Excerpts from a dataset
☆ ☆ ☆ ☆ ☆ ☆ ☆

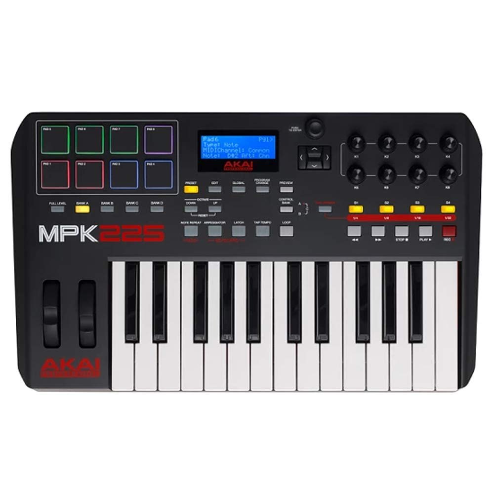 Each member of Akai Pro’s MPK series comes fully loaded with a comprehensive interface for manipulating virtual instruments, effect plugins, DAWs, and more. MPK225 features 25 semi-weighted keys with aftertouch, 8 MPC-style pads with RGB feedback, 8 assignable knobs, 4 backlit buttons, and onboard transport buttons. Three banks expand the number of knobs and switches (up to 24 and 12, respectively), and four pad banks expand the number of pads (up to 32 total). Plus, MPK225 is USB-powered and optimized to interface directly with your Mac or PC with plug-and-play.
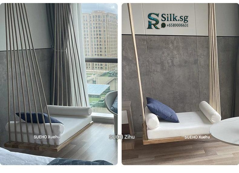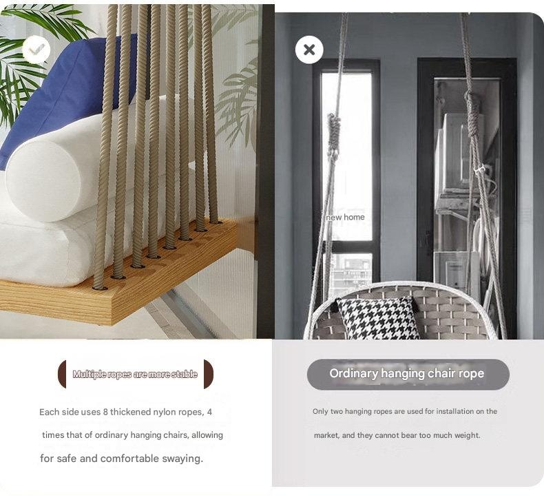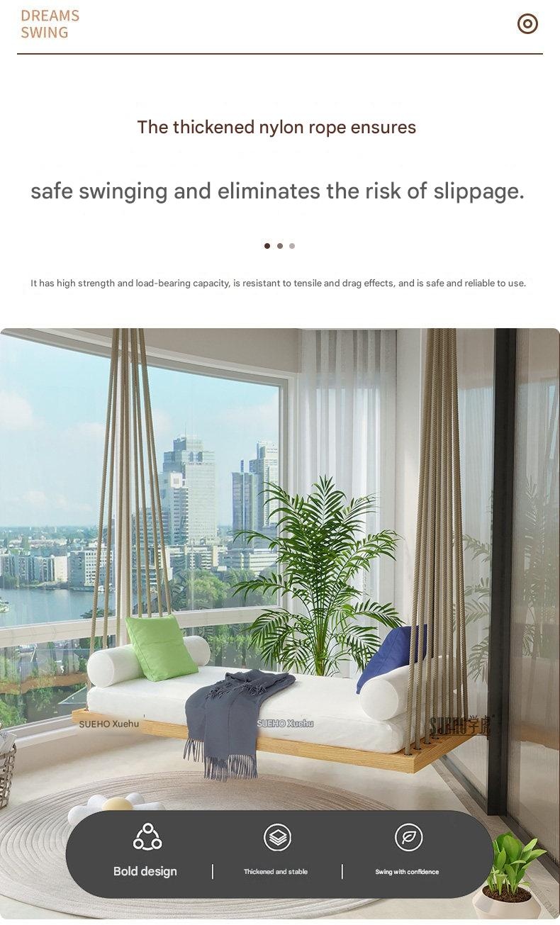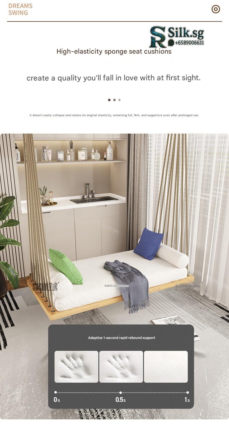 Modern hanging swing bed with a durable white waxwood frame, high-resilience foam cushions, and a multi-rope suspension system. Features adjustable height and includes decorative pillows, perfect for indoor relaxation in living rooms or balconies.
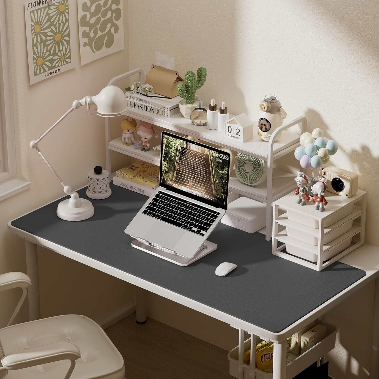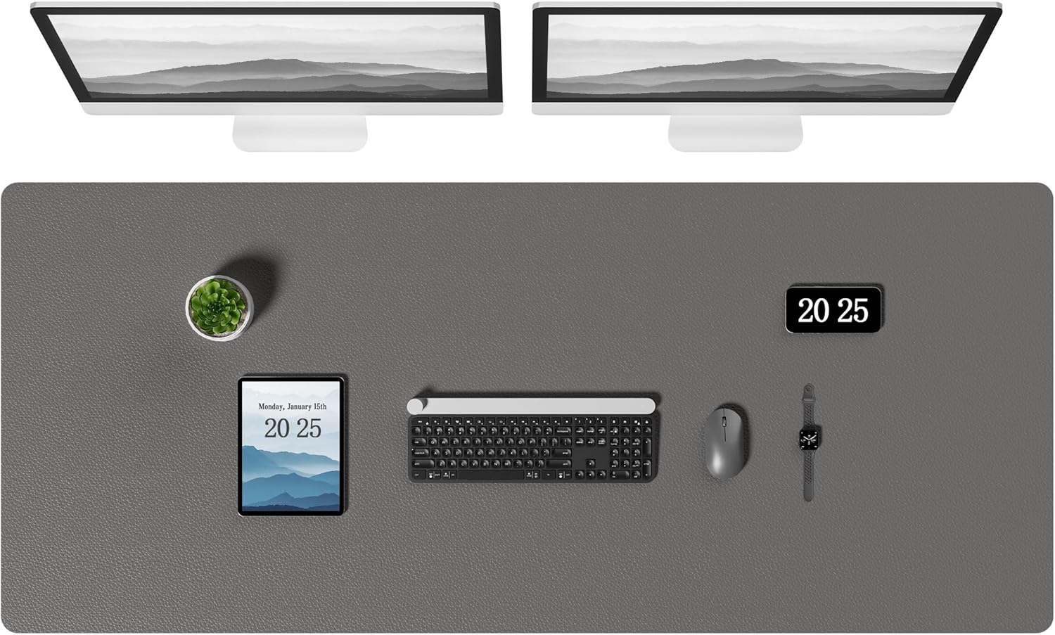 Aothia Leather Desk Pad Protector, Office Desk Mat, Large Mouse Pad, Laptop Desk Pad, Non-Slip PU Leather Desk Blotter, Waterproof Desk Writing Pad for Office and Home (Gray, 55" x 24")
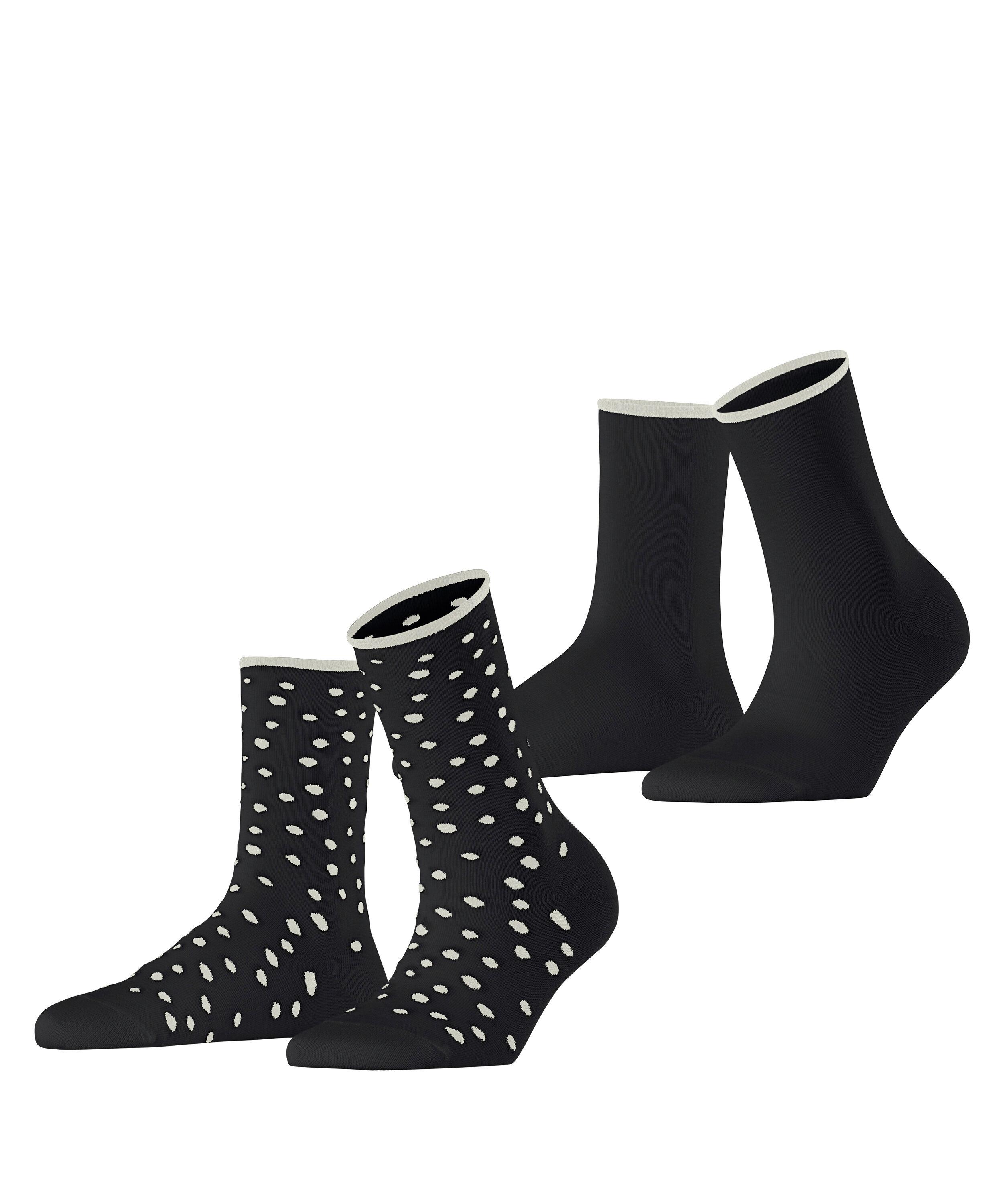 Diese Damensocken bieten ein verspieltes Design mit vielen Punkten. Das kreative Punktemuster, welches aussieht wie gezeichnet, verleiht jedem Outfit eine individuelle Note und setzen modische Akzente. Aus hochwertiger Bio-Baumwolle und im praktischen 2er-Pack erhältlich.
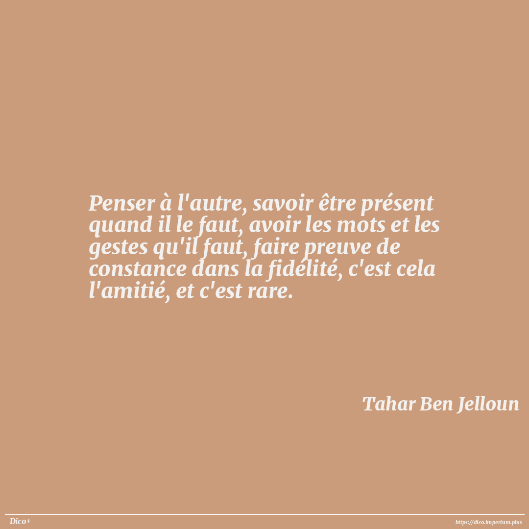 Penser à l'autre, savoir être présent quand il le faut, avoir les mots et les gestes qu'il faut, faire preuve de constance dans la fidélité, c'est cela l'amitié, et c'est rare.
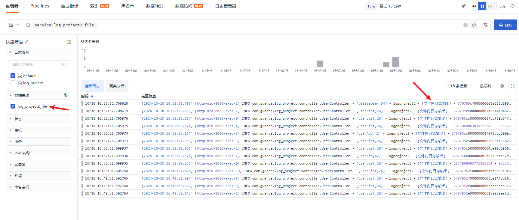 为了区分两种不同的日志,本示例控制台输出日志中会包含“控制台日志输出”字样,容器内文件日志中会包含“文件内日志输出”字样。
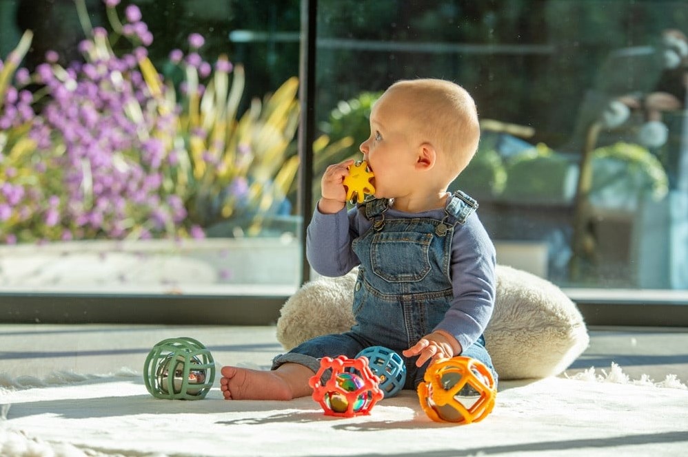 Het experimenteren met inhoud – bijvoorbeeld wanneer er kleine ballen in de flexibele bal worden gestopt – stimuleert nieuwsgierigheid en probleemoplossend denken.
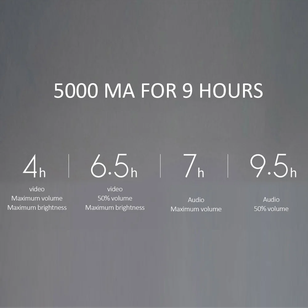Время работы: 4 часа видео (Максимальная громкость, максимальная яркость экрана)Видео 6,5 часов (громкость 50%, максимальная яркость экрана)7 часов звука (Максимальная громкость)9,5 часов звука (50% громкости)
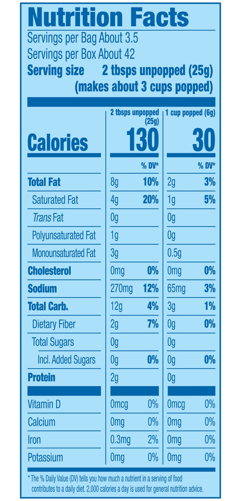 Ingredients: INGREDIENTS: POPCORN, PALM OIL, SALT, NATURAL FLAVOR (MILK), ROSEMARY EXTRACT (FOR FRESHNESS), ANNATTO EXTRACT (COLOR), PAPRIKA EXTRACT (COLOR), LACTIC ACID. CONTAINS: MILK Contains: CONTAINS: Milk/Dairy
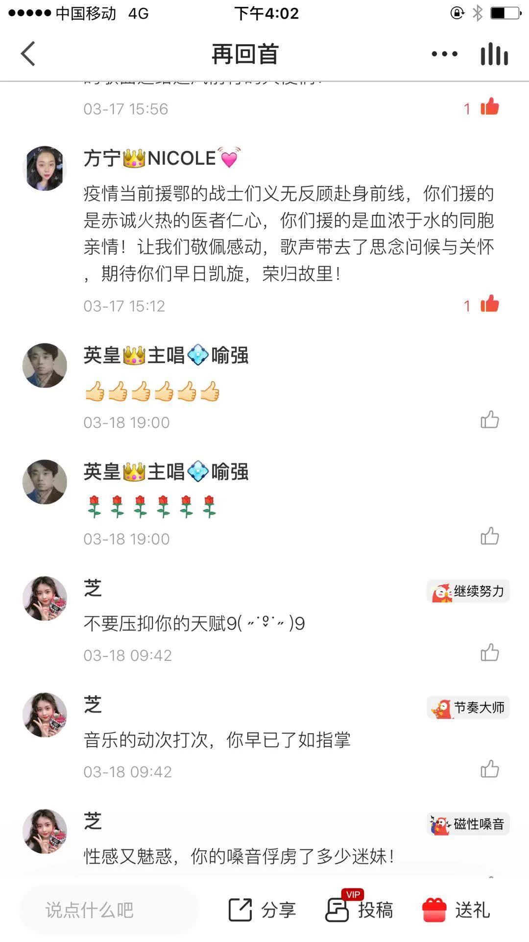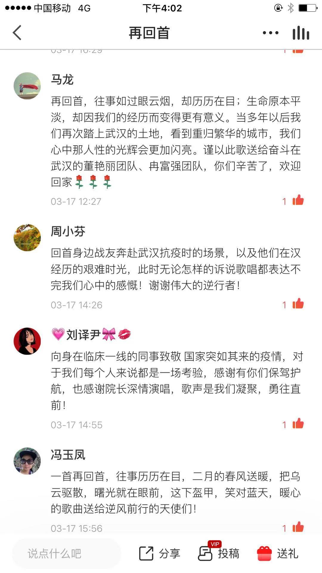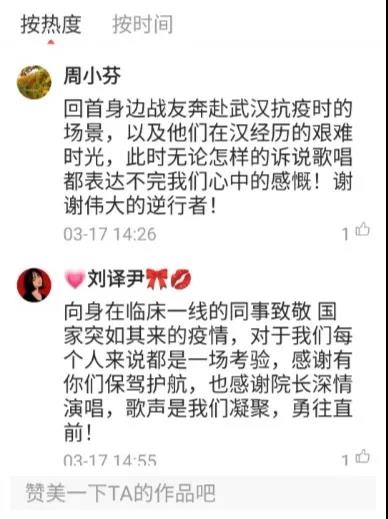 k歌团歌手和抗疫前线医护人员评论互动
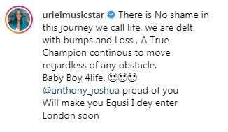 Baby Boy 4life. @anthony_joshua proud of you. Will make you Egusi I dey enter London soon”
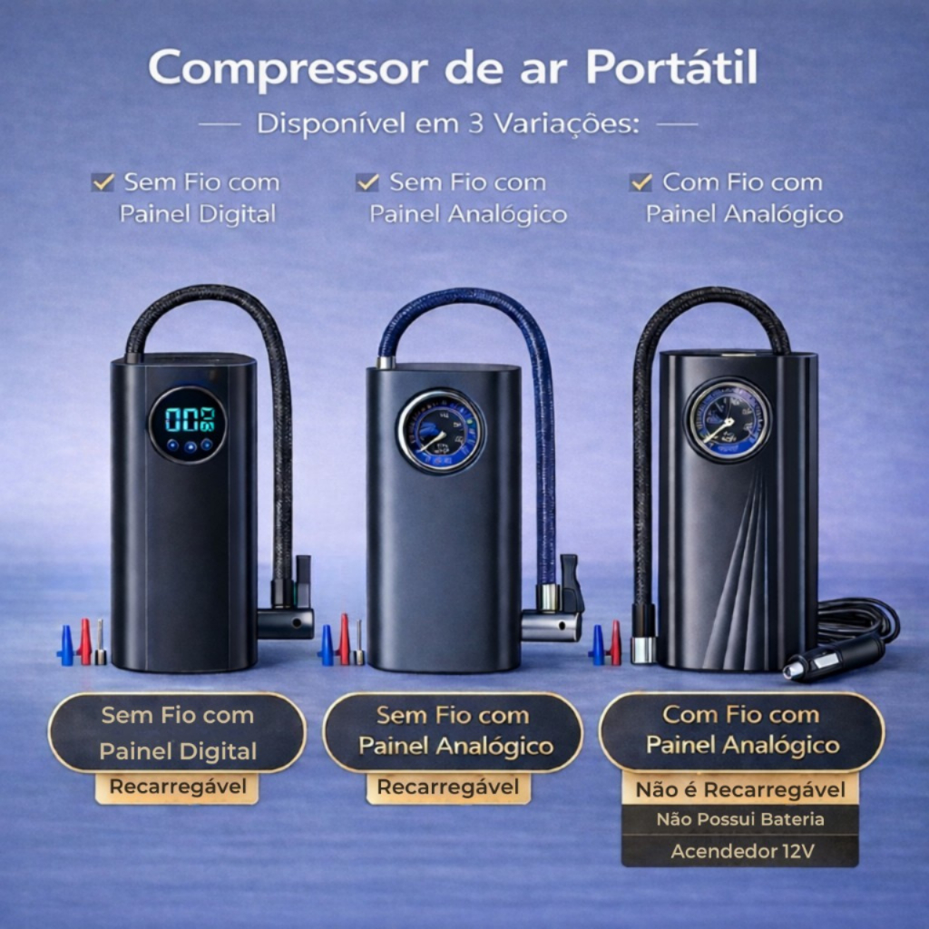Compressor Detector de Ar Portatil Recarregavél Com Fio Sem Fio Digital USB Calibrador Pneu de Carro Automóvel
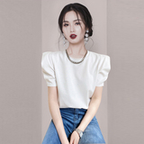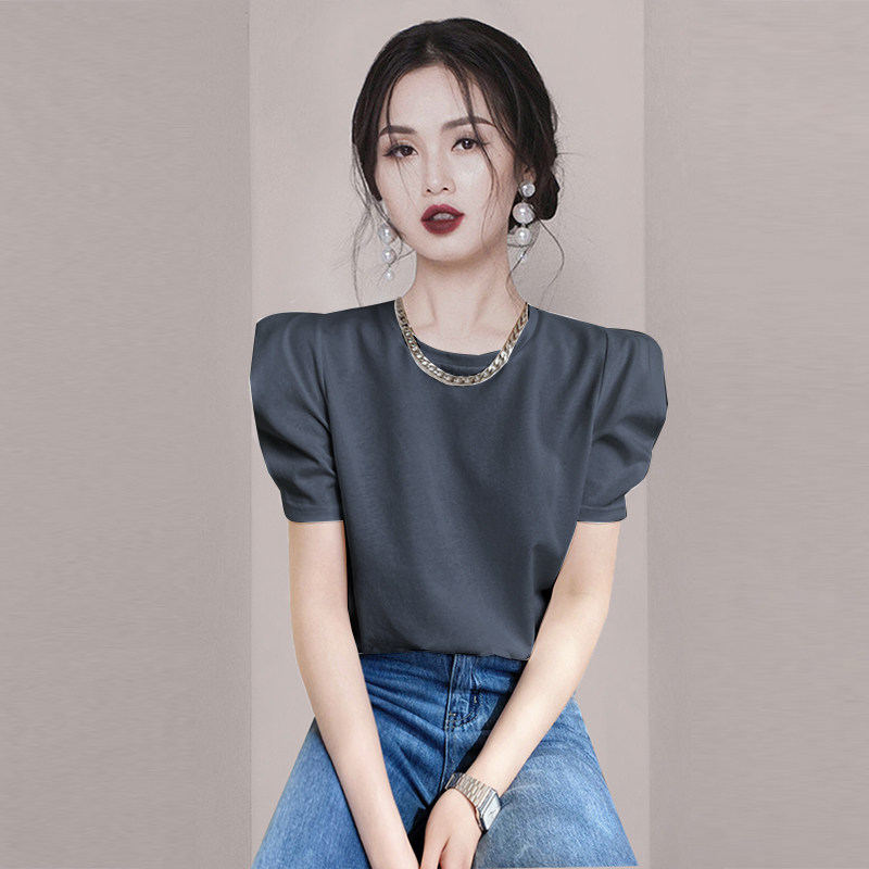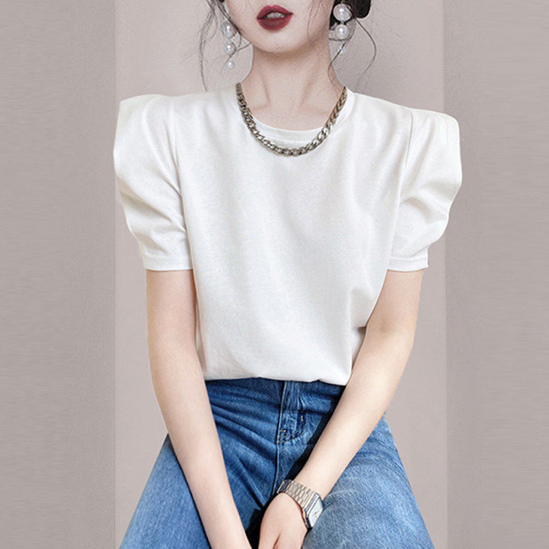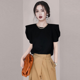 Черная футболка, дизайнерские короткие наплечники, короткий рукав, рукава фонарики, тренд сезона
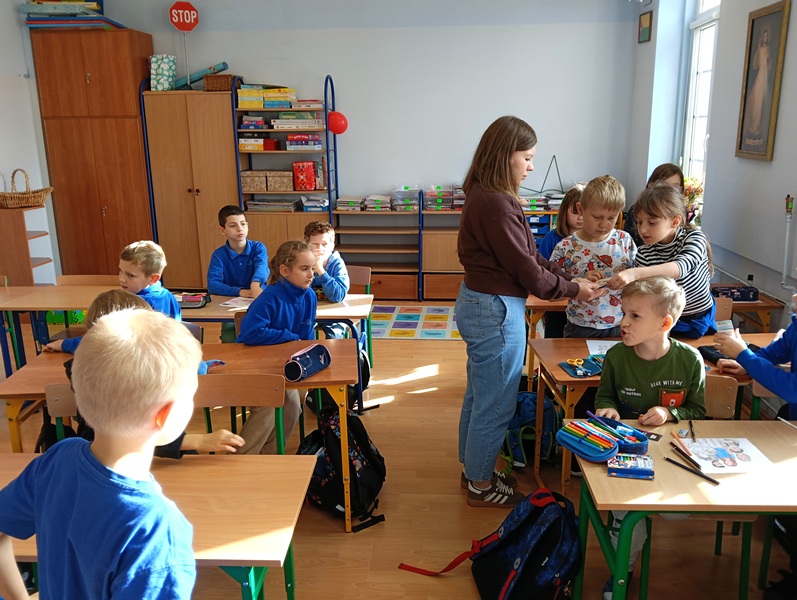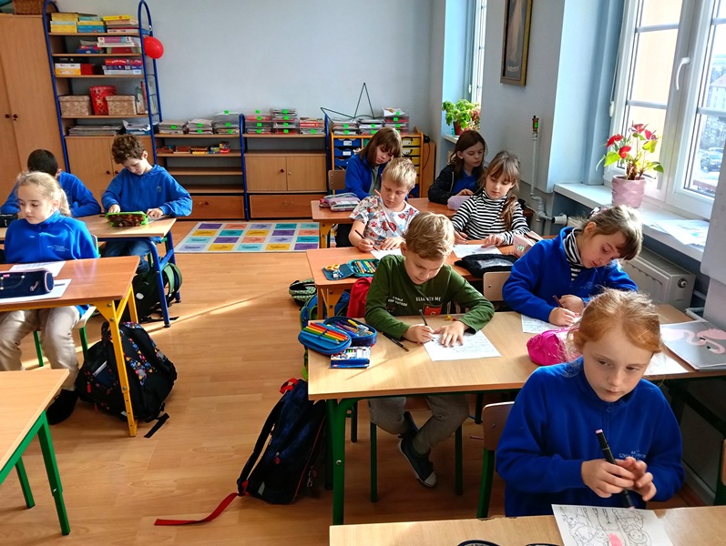 Drugoklasiści potem wypełniali barwami kolorowanki o dużej rodzinie, a następnie pani bibliotekarka szkolna, zachęcając uczniów do czytania, dała wszystkim swoiste zadanie domowe, aby uczniowie sięgnęli w domu po ulubione książki, czytali je. Z tej okazji wręczyła dzieciom zakładki do książek. Taka lekcja ma na celu jeszcze bardziej inspirować dzieci do czytania, które uczy koncentracji, wzbogaca słownictwo, rozwija wyobraźnię, wpływa na rozwój i daje wiele, wiele innych korzyści.

☆ ☆ ☆ ☆ ☆ ☆ ☆

What you should do >>
All records must be output exactly as they are, except for the pictures, which are left out.

Answer >>
 Each member of Akai Pro’s MPK series comes fully loaded with a comprehensive interface for manipulating virtual instruments, effect plugins, DAWs, and more. MPK225 features 25 semi-weighted keys with aftertouch, 8 MPC-style pads with RGB feedback, 8 assignable knobs, 4 backlit buttons, and onboard transport buttons. Three banks expand the number of knobs and switches (up to 24 and 12, respectively), and four pad banks expand the number of pads (up to 32 total). Plus, MPK225 is USB-powered and optimized to interface directly with your Mac or PC with plug-and-play.
 Modern hanging swing bed with a durable white waxwood frame, high-resilience foam cushions, and a multi-rope suspension system. Features adjustable height and includes decorative pillows, perfect for indoor relaxation in living rooms or balconies.
 Aothia Leather Desk Pad Protector, Office Desk Mat, Large Mouse Pad, Laptop Desk Pad, Non-Slip PU Leather Desk Blotter, Waterproof Desk Writing Pad for Office and Home (Gray, 55" x 24")
 Diese Damensocken bieten ein verspieltes Design mit vielen Punkten. Das kreative Punktemuster, welches aussieht wie gezeichnet, verleiht jedem Outfit eine individuelle Note und setzen modische Akzente. Aus hochwertiger Bio-Baumwolle und im praktischen 2er-Pack erhältlich.
 Penser à l'autre, savoir être présent quand il le faut, avoir les mots et les gestes qu'il faut, faire preuve de constance dans la fidélité, c'est cela l'amitié, et c'est rare.
 为了区分两种不同的日志,本示例控制台输出日志中会包含“控制台日志输出”字样,容器内文件日志中会包含“文件内日志输出”字样。
 Het experimenteren met inhoud – bijvoorbeeld wanneer er kleine ballen in de flexibele bal worden gestopt – stimuleert nieuwsgierigheid en probleemoplossend denken.
Время работы: 4 часа видео (Максимальная громкость, максимальная яркость экрана)Видео 6,5 часов (громкость 50%, максимальная яркость экрана)7 часов звука (Максимальная громкость)9,5 часов звука (50% громкости)
 Ingredients: INGREDIENTS: POPCORN, PALM OIL, SALT, NATURAL FLAVOR (MILK), ROSEMARY EXTRACT (FOR FRESHNESS), ANNATTO EXTRACT (COLOR), PAPRIKA EXTRACT (COLOR), LACTIC ACID. CONTAINS: MILK Contains: CONTAINS: Milk/Dairy
 k歌团歌手和抗疫前线医护人员评论互动
 Baby Boy 4life. @anthony_joshua proud of you. Will make you Egusi I dey enter London soon”
Compressor Detector de Ar Portatil Recarregavél Com Fio Sem Fio Digital USB Calibrador Pneu de Carro Automóvel
 Черная футболка, дизайнерские короткие наплечники, короткий рукав, рукава фонарики, тренд сезона
 Drugoklasiści potem wypełniali barwami kolorowanki o dużej rodzinie, a następnie pani bibliotekarka szkolna, zachęcając uczniów do czytania, dała wszystkim swoiste zadanie domowe, aby uczniowie sięgnęli w domu po ulubione książki, czytali je. Z tej okazji wręczyła dzieciom zakładki do książek. Taka lekcja ma na celu jeszcze bardziej inspirować dzieci do czytania, które uczy koncentracji, wzbogaca słownictwo, rozwija wyobraźnię, wpływa na rozwój i daje wiele, wiele innych korzyści.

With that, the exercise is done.